Oh my fellow devotees of young junkie Sherlock, this was a beautiful thing three chapters in and was abandoned. Can I get something similar
(Mycroft says moreadom LORD. Now that sounds encouraging)

Slutty Bottom Jim

(Anonymous)
Jim is being a brat and making comments about the size of the other person's penis to whichever character you like. Eventually the other person snaps and fucks him hard, right there, right then.

This is what Jim wanted all along.

Give me some submissive, slutty, bottom Jim, I beg of you!

Re: Slutty Bottom Jim

(Anonymous)
DEAR GOD, PROMPTER, WHERE HAVE YOU BEEN ALL MY LIFE? Slutty bottom!Jim is my favorite thing. Ever.

scavenger hunt

(Anonymous)
while he's on his hiatus sherlock leaves notes for john to find.

"Happy Valentine's Day." "You too. Now duck."

John's been in a number of relationships. He enjoys spontaneity and dislikes feeling that on a particular day he's required to demonstrate love for another person in particular ways. If you truly care for another person, he feels, you can show it in many different ways and on any day; you shouldn't be made to feel that you're somehow failing as a romantic partner if you don't express it in these specific ways on this specific calendar date.
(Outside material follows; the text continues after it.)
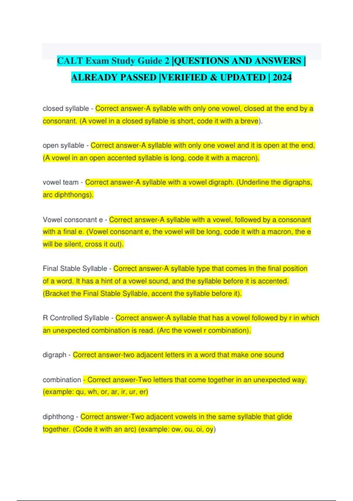 CALT Exam Study Guide 2 |QUESTIONS AND ANSWERS | ALREADY PASSED |VERIFIED & UPDATED | 2024 closed syllable - Correct answer-A syllable with only one vowel, closed at the end by a consonant. (A vowel in a closed syllable is short, code it with a breve). open syllable - Correct answer-A syllable with only one vowel and it is open at the end. (A vowel in an open accented syllable is long, code it with a macron). vowel team - Correct answer-A syllable with a vowel digraph. (Underline the digraphs, arc diphthongs). Vowel consonant e - Correct answer-A syllable with a vowel, followed by a consonant with a final e. (Vowel consonant e, the vowel will be long, code it with a macron, the e will be silent, cross it out). Final Stable Syllable - Correct answer-A syllable type that comes in the final position of a word. It has a hint of a vowel sound, and the syllable before it is accented. (Bracket the Final Stable Syllable, accent the syllable before it). R Controlled Syllable - Correct answer-A syllable that has a vowel followed by r in which an unexpected combination is read. (Arc the vowel r combination). digraph - Correct answer-two adjacent letters in a word that make one sound combination - Correct answer-Two letters that come together in an unexpected way. (example: qu, wh, or, ar, ir, ur, er) diphthong - Correct answer-Two adjacent vowels in the same syllable that glide together. (Code it with an arc) (example: ow, ou, oi, oy)

Sherlock's utterly baffled by the cultural expectation that romantic affection be demonstrated on a particular arbitrarily chosen date. He's equally baffled by the notion, inculcated and promoted by certain highly lucrative industries, that said affection can only adequately be expressed by an expenditure of money on chocolate, flowers, jewelry, or certain activities which our culture has designated as "romantic". Oh, and that box of chocolates is shaped nothing like a human heart.

They wind up spending an incredibly romantic Valentine's Day alternately crouching in and dashing through damp London alleyways, finally tracking down and apprehending the Valentine's Day Killer (or some such miscreant) before going home and fucking each other's brains out.

Re: "Happy Valentine's Day." "You too. Now duck."